In order to remove a snap completely from a device you would need to update the validation set to remove the enforcement of its installation before then manually attempting to uninstall the snap.
#!/usr/bin/env python3
from landscape.client import snap_http
snap_http.forget_validation_set("<ACCOUNT_ID>","<VALIDATION_SET_NAME>")
snap_http.remove("<SNAP_NAME>")
snap_http.refresh_validation_set("<ACCOUNT_ID>","<VALIDATION_SET_NAME>", <VALIDATION_SET_SEQUENCE>)
Remove a validation set¶
All validation sets on a device that have not been specifically defined in your model assertion, or have been defined with the “prefer-enforce” setting, may be forgotten if the snap restrictions are no longer required. Forgetting a validation set will remove all restrictions on installing, updating, or removing snaps that were previously enforced by that validation.
To remove a validation set from a device, use the following script:
#!/usr/bin/env python3
from landscape.client import snap_http
snap_http.forget_validation_set("<ACCOUNT_ID>","<VALIDATION_SET_NAME>")
Important
As the device will likely remain in managed mode, removing the validation set alone will not result in any immediate changes to installed snaps. Additional manual intervention (e.g., explicitly asking the device to refresh all snaps or install/remove specific snaps) may be required to achieve the desired state.
Multiple validation sets and consistency¶
You can apply multiple validation sets to a device if you wish to manage and control sets of snaps independently. For example, you could have a validation set for the core OS components, one for the application components and a further one for a third-party snap.

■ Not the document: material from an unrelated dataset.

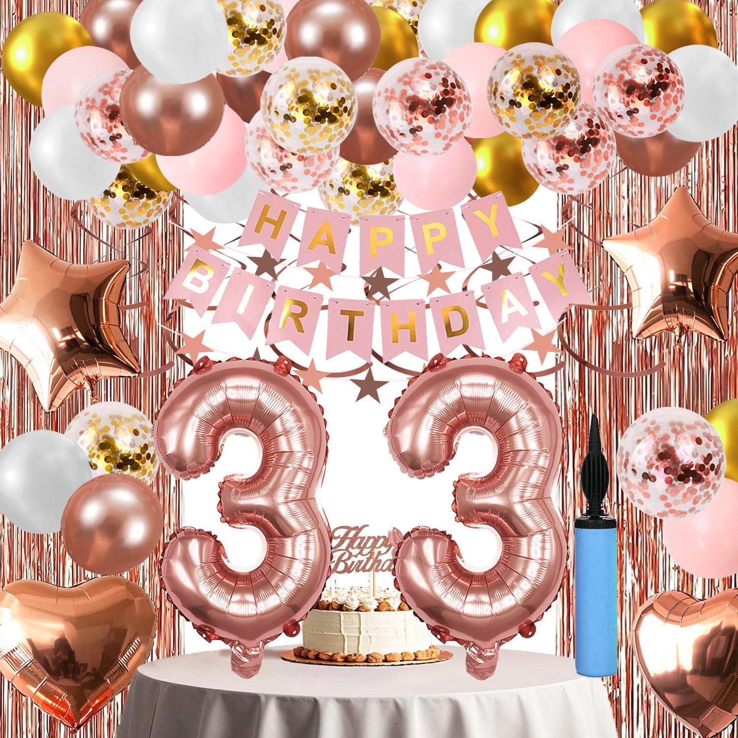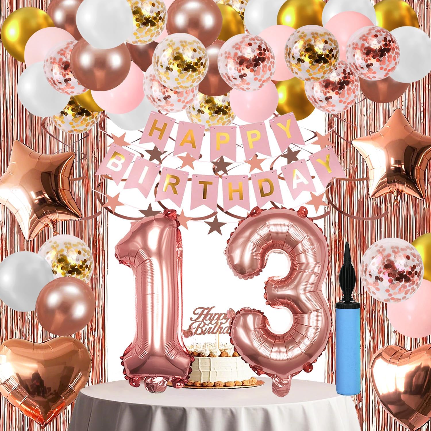 | Included Components | Happy Birthday Banner, 2 Tassel Party Curtains, 12 Colored Paper Balloons, 40 Latex Balloons, 2 Star Balloons, 2 Heart Balloons, 4 Foil Balloons (Heart-shaped and Star-shaped), 6 Rose Gold Hanging Swirls, 6.56 Feet of Star Garland, 1 Number Balloon, 1 Cake Topper, 1 Ribbon/Dot Tape, 1 Balloon Pump, 1m*2m Long Rose Gold Sequined Curtains |

The only restriction on multiple validation sets is that they are coherent. Trying to enforce a validation set that would conflict with an existing one will result in an error being returned.
Summary¶
Validation sets give more control over the state of your devices and can be used across a fleet. As the sets are distributed by a store, all devices can access them and you can ensure they are all using the same version.

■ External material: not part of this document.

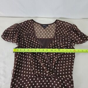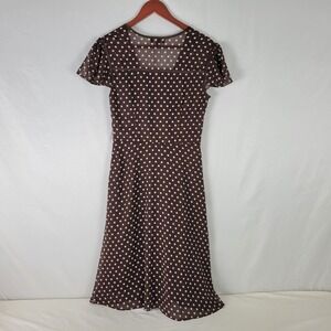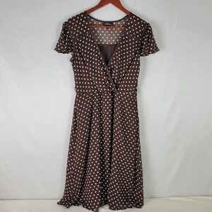 AGB Womens Dress 8 Brown Polka Dot Sundress Short Cap Sleeve Lined Surplice Neck

By using multiple validation sets, you can manage any update process, using one set to update core OS components, another to update application snaps, and another to update third-party snaps. This allows for independent updates of different components without affecting others, and provided sequence numbers are incremented sensibly, can simplify rollbacks for specific parts of the system in the event of an update failure.
With Landscape, you can instruct groups of devices to refresh their validation sets automatically when the set is updated or via the scripting interface. This means that you can update your entire fleet with one action.